Groundbreaking ceremonies for the community centers will held Monday in separate events. The first begins at 11:30 a.m. at the YMCA center at 3101 Running Horse Road in Platte City. At 1:30 p.m., officials will break ground for the center at 8875 Clark Ave. in Parkville.
The construction is in response to citizen surveys conducted several years ago. The results found that residents wanted more trails, additional indoor recreation programs and expansion of the community centers, said Platte County Parks and Recreation director Brian Nowotny.
“The county has done very intense planning for the past two years towards these two expansion projects,” Nowotny said.
The county is collaborating with the YMCA to operate the community centers in Parkville and Platte City. Both locations are large enough to add more family programs with expansions, he said.
Additions to the Platte City facilities will include space for group exercise, an expanded kids area, more workout equipment and an eight-lane competition swimming pool.
The Platte County R-3 School District will use the pools as part of a partnership with the parks department.
The district will hold swimming competitions and also use the pools for swim practice and gym classes. When the district is not using the pool, it will be open to YMCA members for lap swimming, water aerobic classes and the club’s swim team, Nowotny said.
The expansion work costs about $12.5 million, and the school district will contribute to the capital and overall operating cost, Nowotny said.
The Parkville location will have similar improvements. That includes a larger workout area, more space for children’s programs and four new swimming lanes. Construction cost at the Parkville site is $6.8 million.
Both Parkville and Platte City governments, along with the Mid Continent Public Library and the YMCA, are working with the parks department on the projects, Nowotny said.
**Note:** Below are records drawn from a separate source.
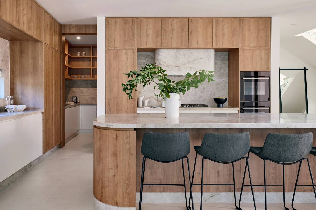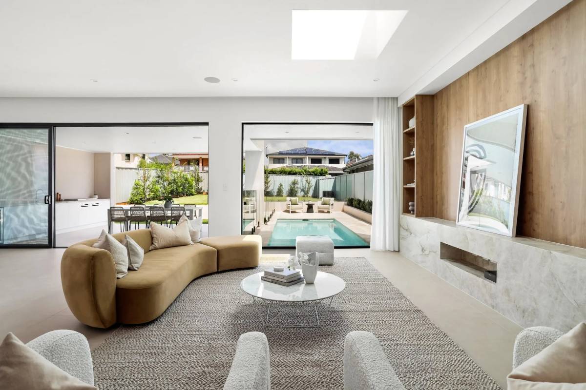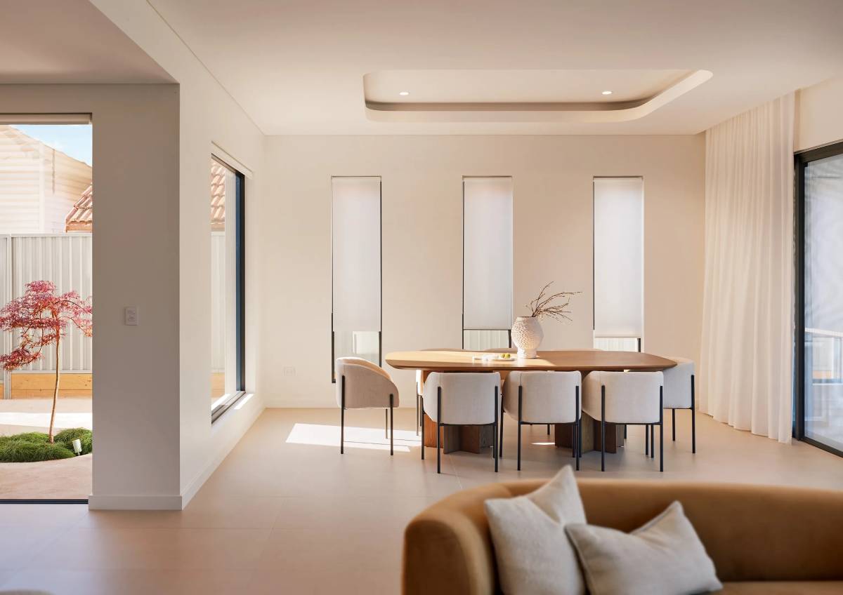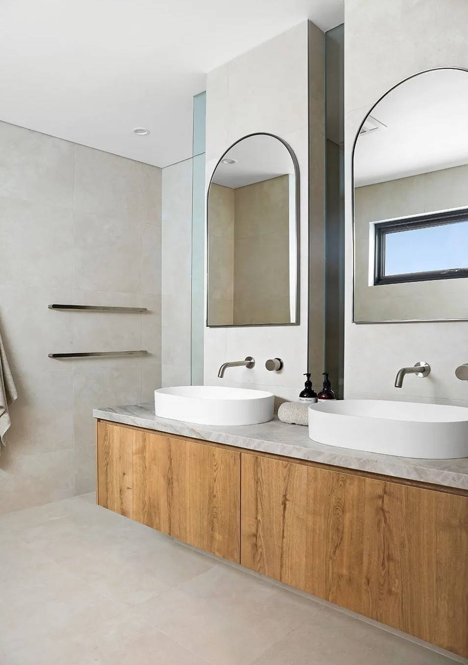 This space demonstrates a sophisticated industrial-modern aesthetic, anchored by large-format concrete-look tiles that provide a seamless, expansive foundation. The cool grey tones are thoughtfully balanced with warm timber joinery and soft lighting, creating a high-end atmosphere that feels both expansive and inviting.
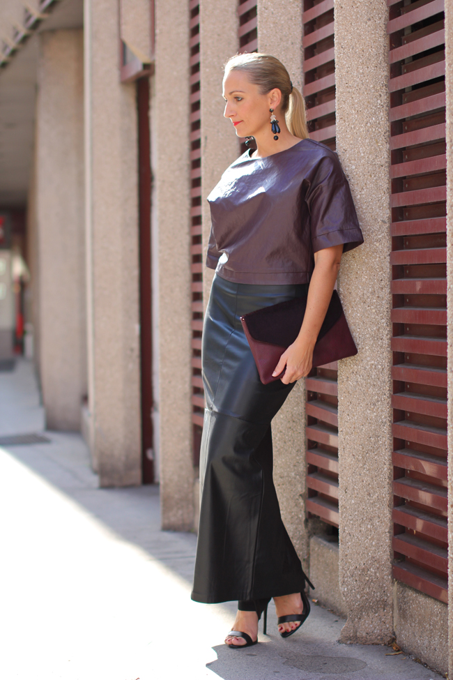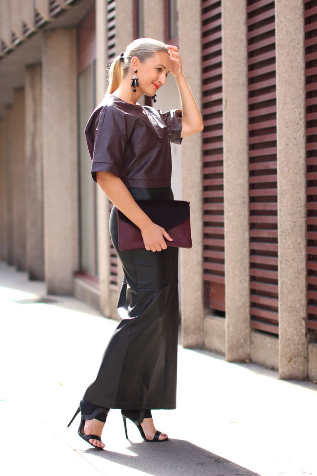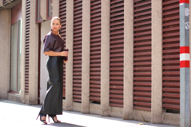 leather maxi skirt - Zara / blouson top - Forever 21 / high heels - Topshop / clutch - C&A / earrings - H&Mlocation - Mariahilfer Gürtelshop my look
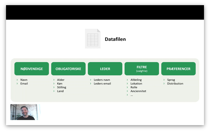 For at oprette din organisation skal du uploade en datafil med informationer om medarbejderne.
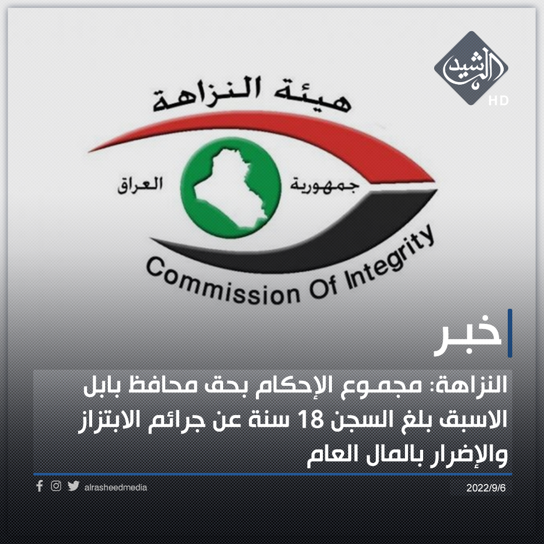 النزاهة: صـدور (5) قرارات إدانة بحق محـافظ بابل الأسبق
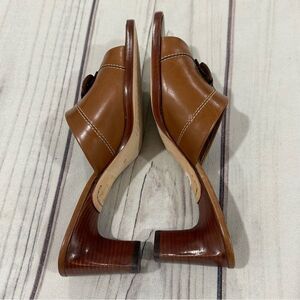 Cole Haan Country Carmel Brown Leather Peep Toe Slide 2 1/2" Block Heel Sz 6B
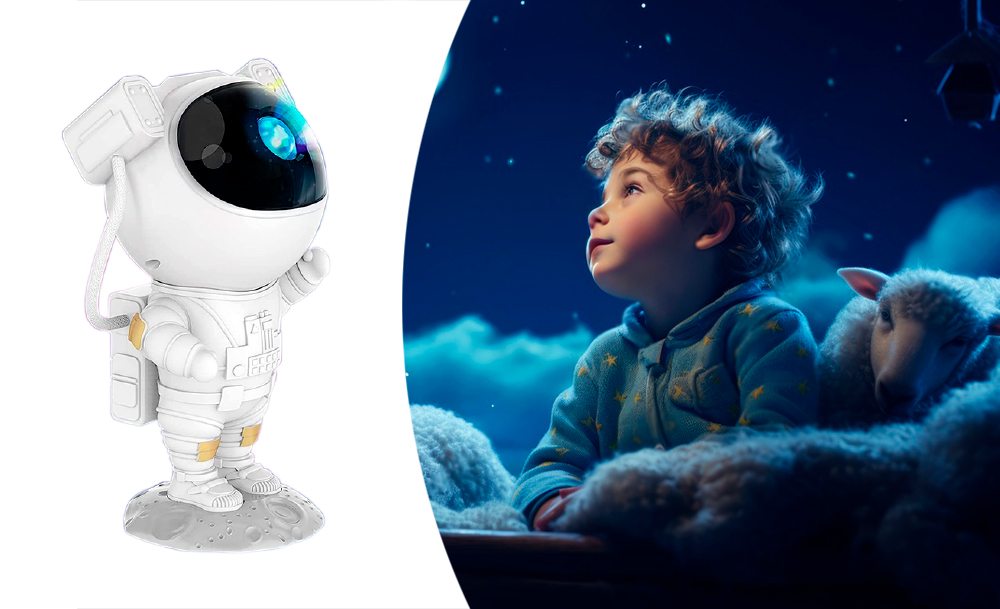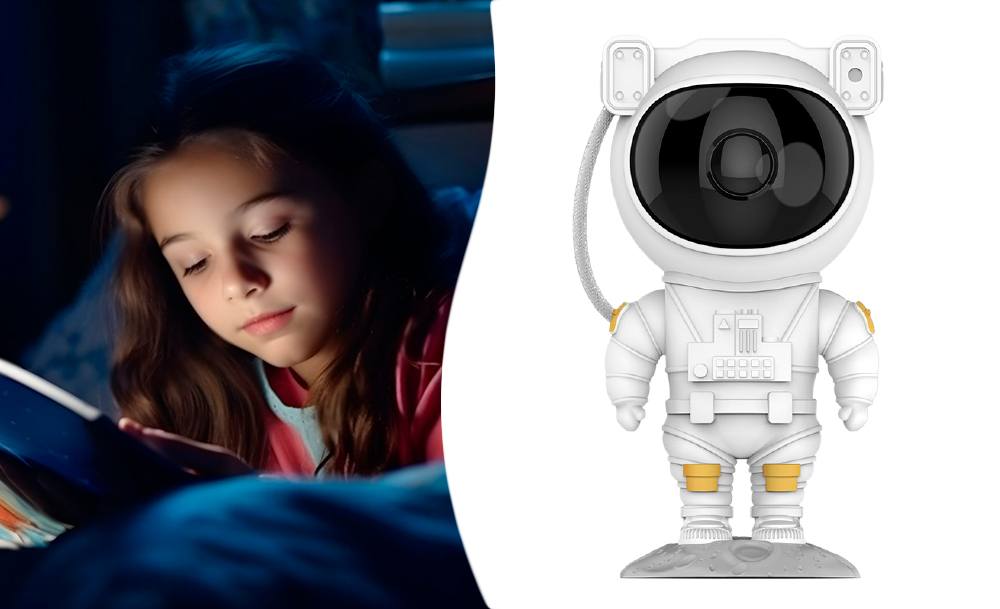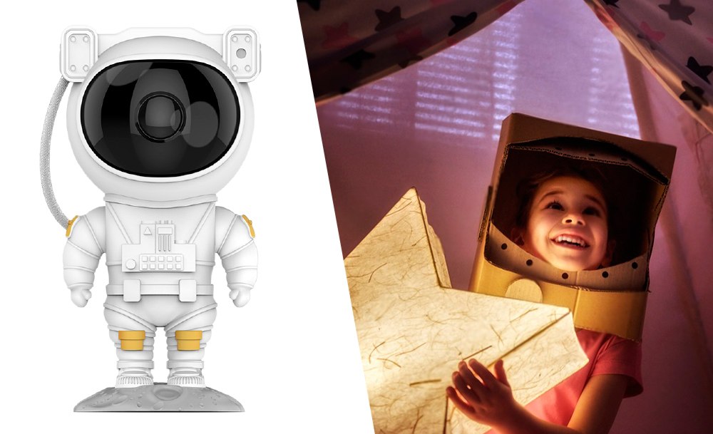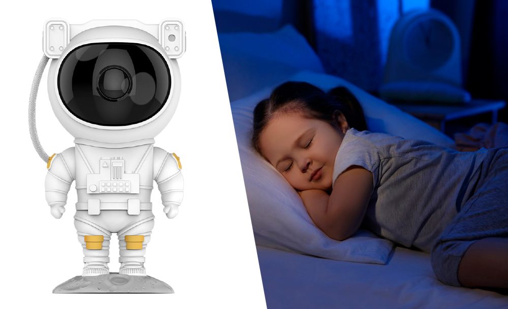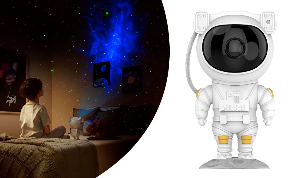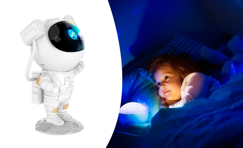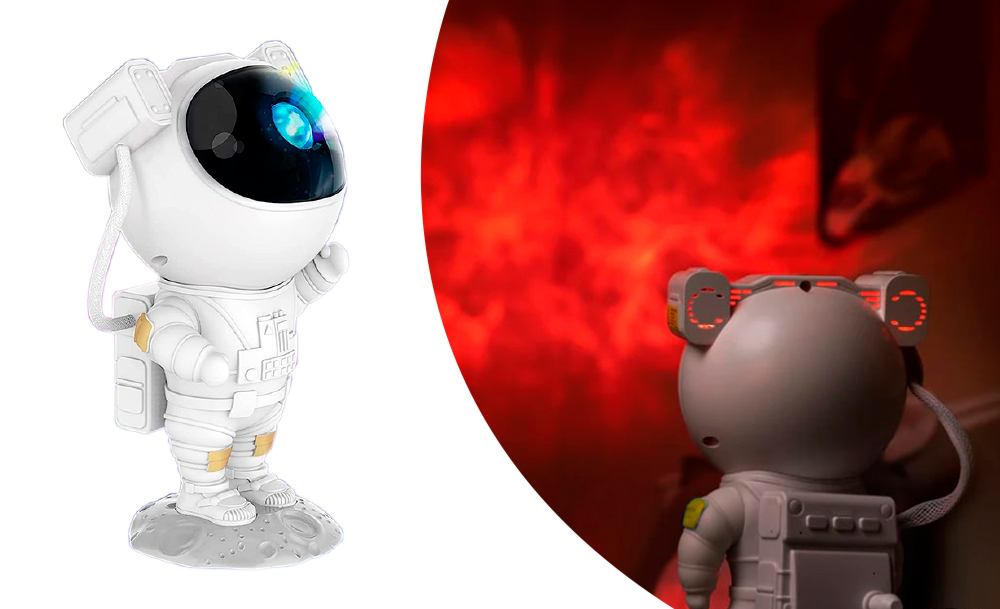 Лазерный проектор галактики Астронавт на месяц станет отличным ночником для юных покорителей космоса, и одной из любимых игрушек! 8 ярких разноцветных изображений галактики будут оживлять и украшать не только детскую, но и вечеринку, семейный просмотр кино или игровую комнату.

Money generated from the county’s half-cent sales tax for county parks is being used to fund the expansion work.
In August 2009, voters agreed to extend the half-cent sales tax. Voters initially approved the tax in 2000. It has paid for the two community centers and new parks and trails. It also provides grant money for recreation and arts programs. Grants are awarded to school districts and other entities.
The measure is expected to generate about $7 million this year.
Nowotny said the facilities will remain open while the construction continues. Access to the swimming pools and other areas will limited at various times. Work on both projects is scheduled to completed next summer.